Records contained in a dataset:
• • • • •

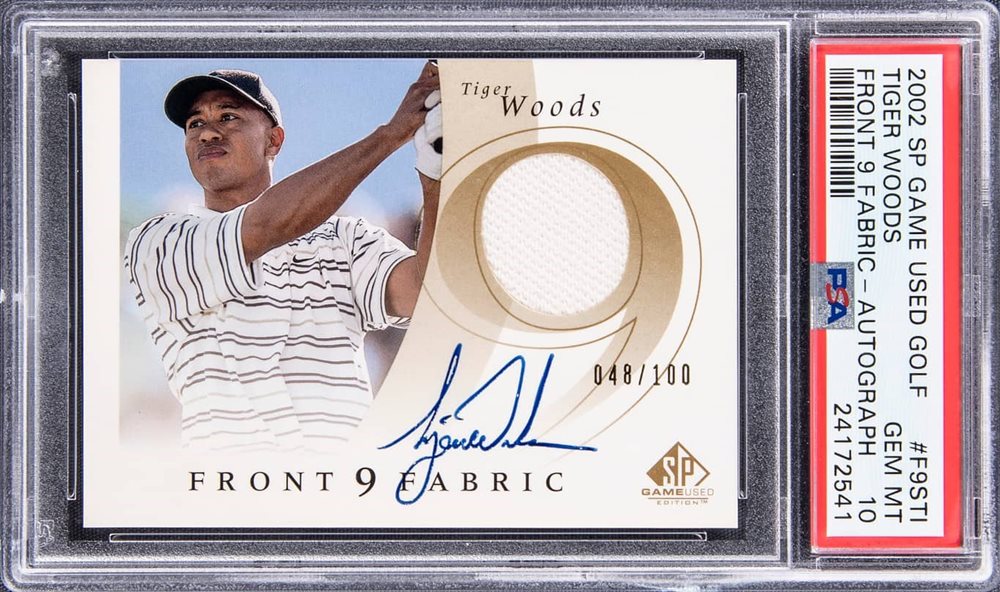 2002 Upper Deck SP Game Used Golf Front 9 Fabric Autograph #F9STI Tiger Woods Signed Patch Card (#048/100) - PSA GEM MT 10 - Pop 15
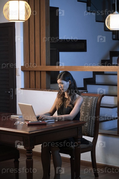 Женщина, работающая на ноутбуке
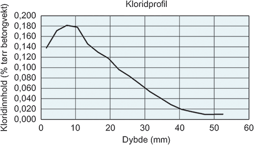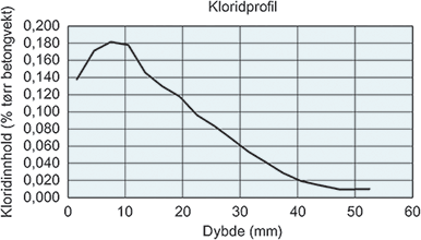 Eksempel på kloridprofil i betong. Kloridkonsentrasjonen avtar gradvis innover i betongen.
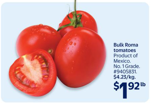 番茄 $2.49/lb。
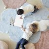 En drøm av et gulvteppe formet som en fluffy sky med påsydd pute. Perfekt på barnerommet eller i kosekroken. Teppet er håndlaget og små variasjoner i farge og fasong kan forekomme. Gulvteppene i denne kolleksjonen kan enkelt vaskes i vaskemaskinen hjemme, helt genialt i hjem med små barn, dyr og menn.

• • • • •

• _PROBLEM_
For this exercise, transcribe the data above line by line, exactly, with pictures omitted.

• _COMPLETED EXERCISE_
 2002 Upper Deck SP Game Used Golf Front 9 Fabric Autograph #F9STI Tiger Woods Signed Patch Card (#048/100) - PSA GEM MT 10 - Pop 15
 Женщина, работающая на ноутбуке
 Eksempel på kloridprofil i betong. Kloridkonsentrasjonen avtar gradvis innover i betongen.
 番茄 $2.49/lb。
 En drøm av et gulvteppe formet som en fluffy sky med påsydd pute. Perfekt på barnerommet eller i kosekroken. Teppet er håndlaget og små variasjoner i farge og fasong kan forekomme. Gulvteppene i denne kolleksjonen kan enkelt vaskes i vaskemaskinen hjemme, helt genialt i hjem med små barn, dyr og menn.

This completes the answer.